Виктор Ерофеев: Хорошо. Действительно, очень правильная идея, что актер, кстати говоря, вообще любой творческий человек все время ждет одобрения от близких. И это одобрение приходит с трудом, потому что или это одобрение слишком легкого – получается, прекрасно, или, наоборот, очень тяжелого – а почему у тебя так получается, а у других не получается…

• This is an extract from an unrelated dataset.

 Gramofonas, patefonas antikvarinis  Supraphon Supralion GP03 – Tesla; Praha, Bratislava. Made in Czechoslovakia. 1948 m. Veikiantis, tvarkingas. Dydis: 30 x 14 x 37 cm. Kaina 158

Владимир Вишневский: Можно подхватить твою мысль? Есть такое слово, оно как русское слово, я русский язык обожествляю, потому что я им живу, и он в жилах моих течет. Но есть такое слово, я всегда об этом говорю, - «самодостаточность». Как слово оно хорошее, но как понятие, которое применимо к моей практике жизни, я его отрицаю, потому что оно не может быть к нам применимо впрямую. Как может быть самодостаточным такое сытое понятие? Мне как литератору нужно одобрение аудитории, зрителей.

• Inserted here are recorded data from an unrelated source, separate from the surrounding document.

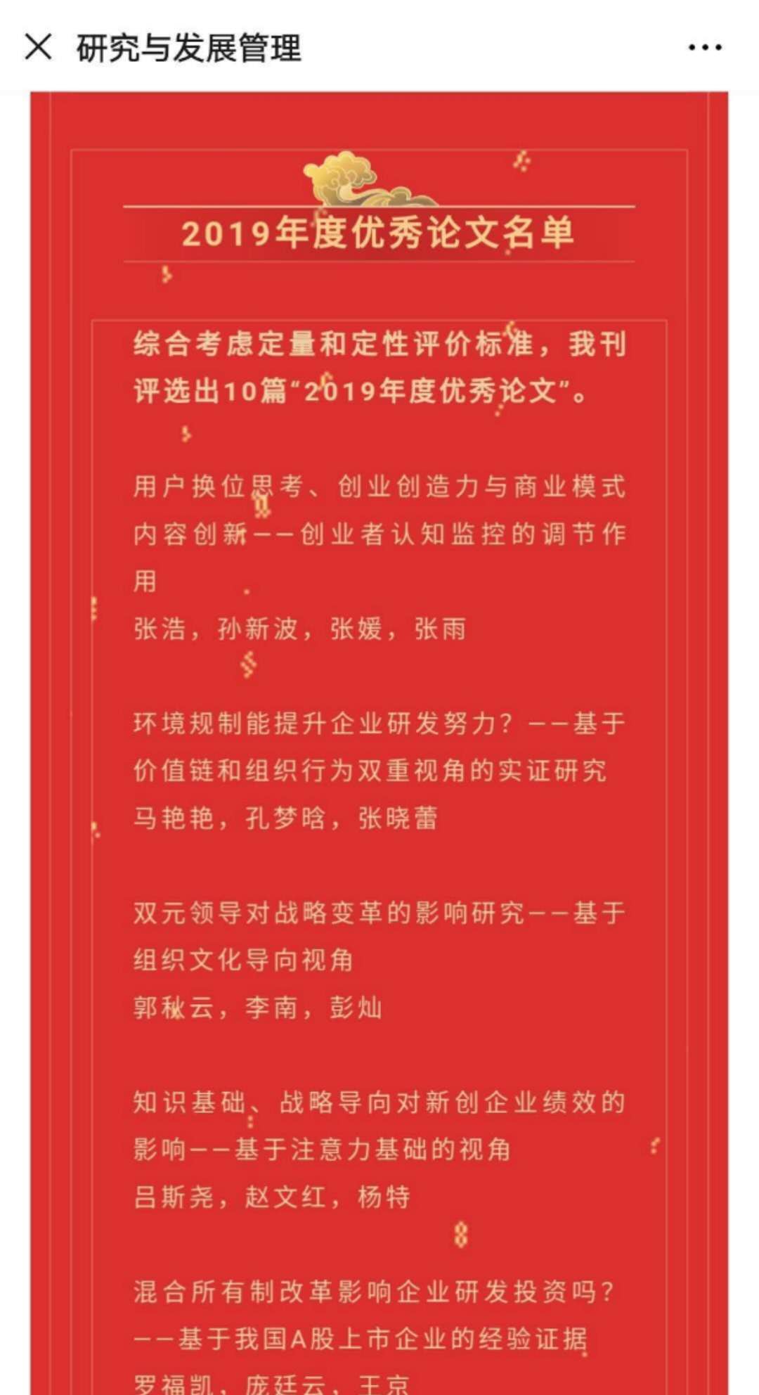 【喜报】我院孙新波教授指导论文荣获《研究与发展管理》2019年度优秀论文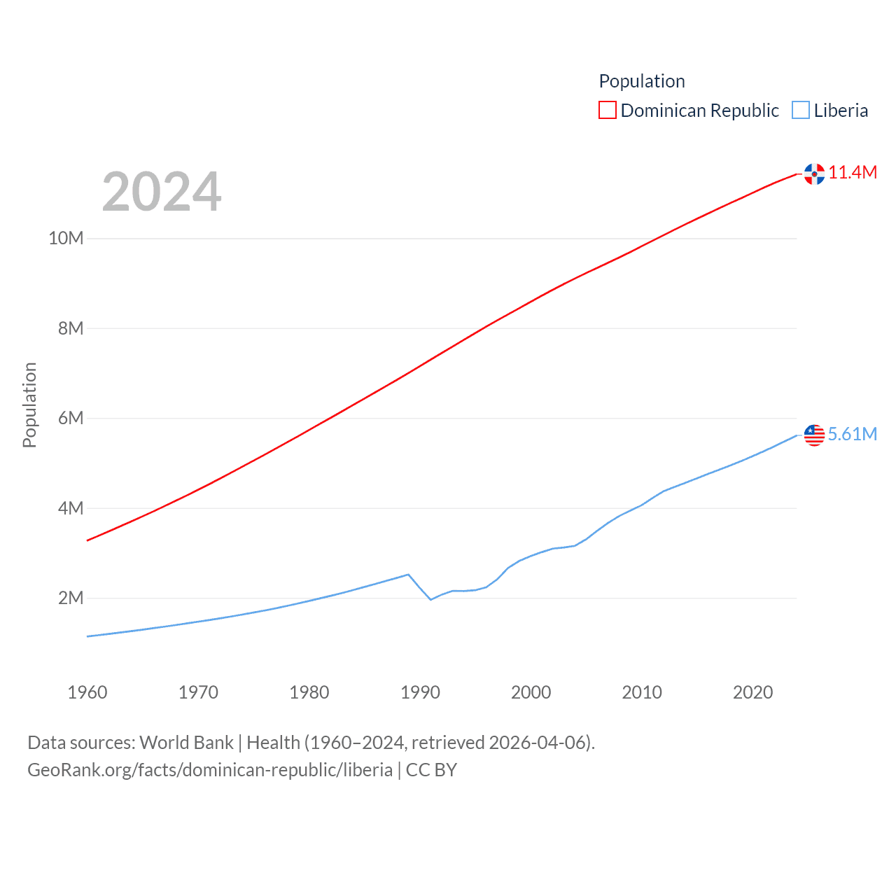The Dominican Republic has a population of 11.4M (ranked 85/197), compared with 5.61M in Liberia (ranked 117/197). The Dominican Republic's land area is 18,609 sq mi versus 37,189 sq mi for Liberia (ranked 127th vs. 106th).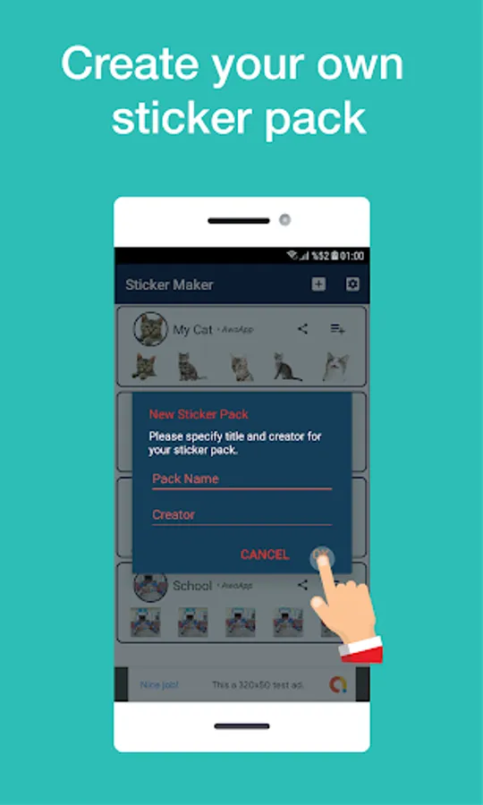 2. Enter a name and creator for your pack and click the ok button to choose an icon from gallery or files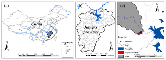 Location map of test area (a) Location of Jiangxi Province in China; (b) Location of De’an County in Jiangxi Province; (c) The location relationship between the test site and Yangou watershed, De’an County and Poyang Lake.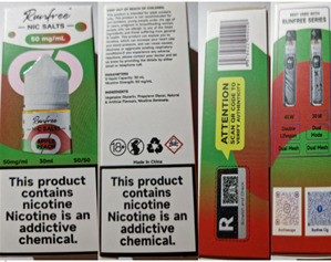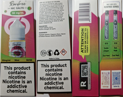 Home Nebezpečné výrobky Nebezpečný výrobek – náhradní náplň do elektronických cigaret zn. Runfree, NIC SALTS – 2 příchutě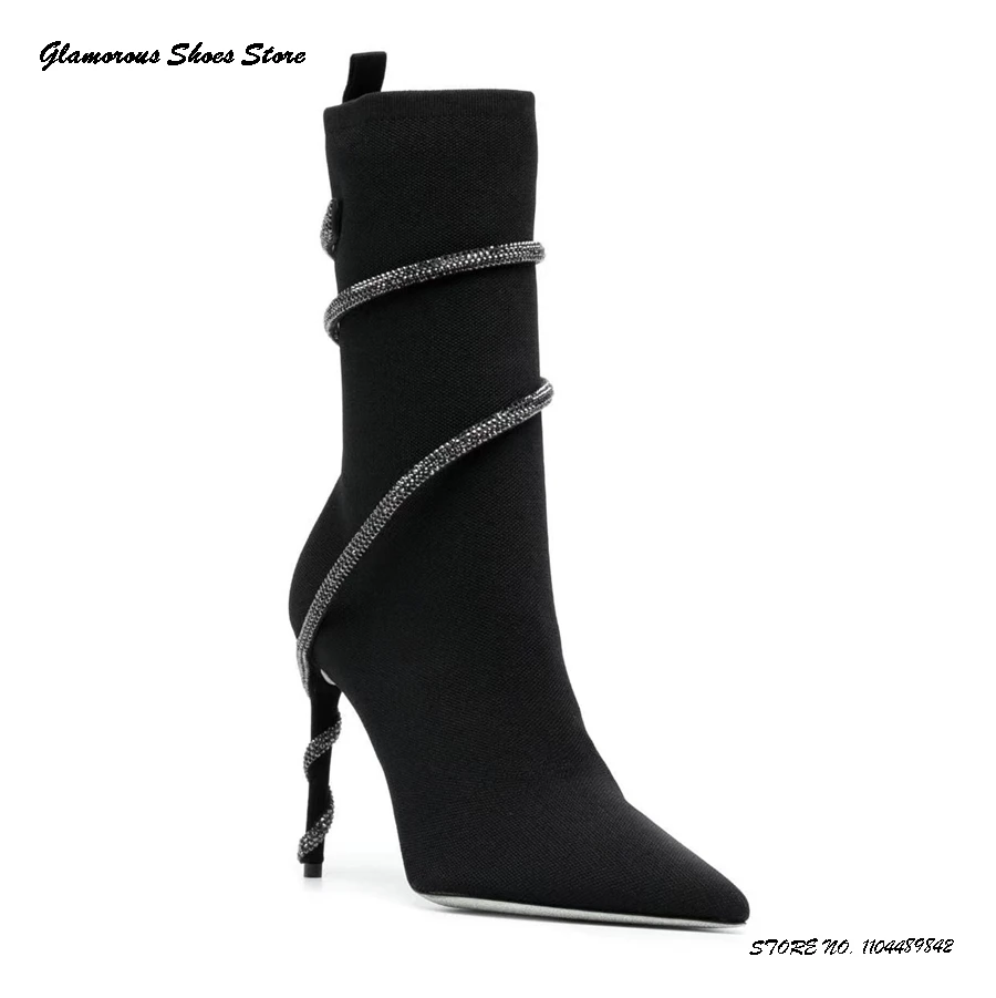 Crystal Embellished Stiletto Booties Elegant Pointed Toe Thin Heels Party Dress Shoes Spring Autumn Fashion Pull On Ankle Boots  Read more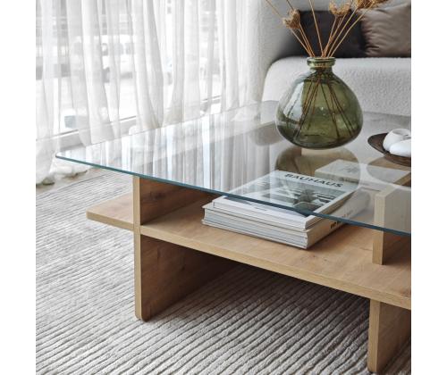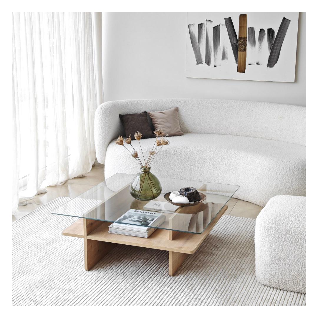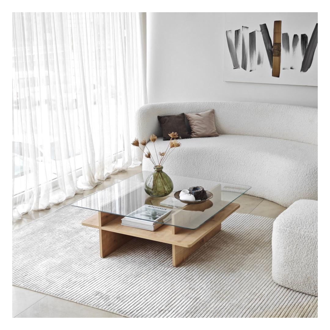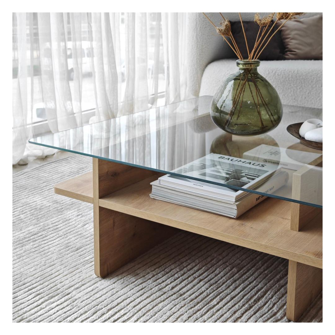 Crafted from 100% tempered glass and a frame made of 100% melamine coated particle board, this coffee table is built to last. The 18mm thickness ensures sturdiness and stability, while the PVC edgebanding adds a sleek finish to the design.

Виктор Ерофеев: Это очень точно.

Владимир Вишневский: Я не могу быть самодостаточным.

Виктор Ерофеев: Если самодостаточный, то тогда ты не впадаешь в одиночество. А если не самодостаточный, тогда возникает этот угол одиночества, который ты пытаешься чем-то заполнить.

Владимир Вишневский: Ты меня одобрил, я так понимаю?

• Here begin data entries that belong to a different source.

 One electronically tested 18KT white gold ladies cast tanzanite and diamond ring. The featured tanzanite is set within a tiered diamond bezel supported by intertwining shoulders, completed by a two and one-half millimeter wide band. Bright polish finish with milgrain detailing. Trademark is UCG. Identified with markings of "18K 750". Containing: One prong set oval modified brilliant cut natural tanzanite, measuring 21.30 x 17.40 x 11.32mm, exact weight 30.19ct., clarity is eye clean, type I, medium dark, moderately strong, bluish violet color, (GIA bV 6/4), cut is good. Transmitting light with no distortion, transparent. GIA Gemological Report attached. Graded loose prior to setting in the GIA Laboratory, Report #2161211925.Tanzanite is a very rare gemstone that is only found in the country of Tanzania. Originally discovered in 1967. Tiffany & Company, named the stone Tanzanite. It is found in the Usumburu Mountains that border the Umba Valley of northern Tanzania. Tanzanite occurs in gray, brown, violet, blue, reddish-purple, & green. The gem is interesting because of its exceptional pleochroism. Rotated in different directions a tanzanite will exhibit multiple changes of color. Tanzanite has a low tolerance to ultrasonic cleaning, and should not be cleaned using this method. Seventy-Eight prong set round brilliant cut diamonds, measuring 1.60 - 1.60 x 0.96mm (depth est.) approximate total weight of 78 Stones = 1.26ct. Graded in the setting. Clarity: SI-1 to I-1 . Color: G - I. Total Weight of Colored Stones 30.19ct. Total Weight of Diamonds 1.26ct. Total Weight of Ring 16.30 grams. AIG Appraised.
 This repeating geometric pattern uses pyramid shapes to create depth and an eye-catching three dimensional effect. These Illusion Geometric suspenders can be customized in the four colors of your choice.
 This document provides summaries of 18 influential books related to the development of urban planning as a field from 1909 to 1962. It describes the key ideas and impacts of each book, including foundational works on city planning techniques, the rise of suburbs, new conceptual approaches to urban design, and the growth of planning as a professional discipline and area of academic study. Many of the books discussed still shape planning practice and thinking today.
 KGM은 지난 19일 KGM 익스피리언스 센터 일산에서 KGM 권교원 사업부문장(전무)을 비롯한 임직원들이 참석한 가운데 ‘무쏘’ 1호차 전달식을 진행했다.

Виктор Ерофеев: Я думаю, что я тебя понял. А мне кажется, что как раз в Голландии самодостаточность – это положительное понятие, в отличие от России. Правда?

Анастасия Смирнова: Да, безусловно. Там есть такая идея, что каждый человек должен беспредельно контролировать свою жизнь и за нее отвечать. И поэтому одинокий человек – как бы абсолютный пример такой ситуации, когда никто ему не помогает, он ни на кого не может рассчитывать, он должен всегда считать, что если случится наводнение, он будет рассчитывать только на себя.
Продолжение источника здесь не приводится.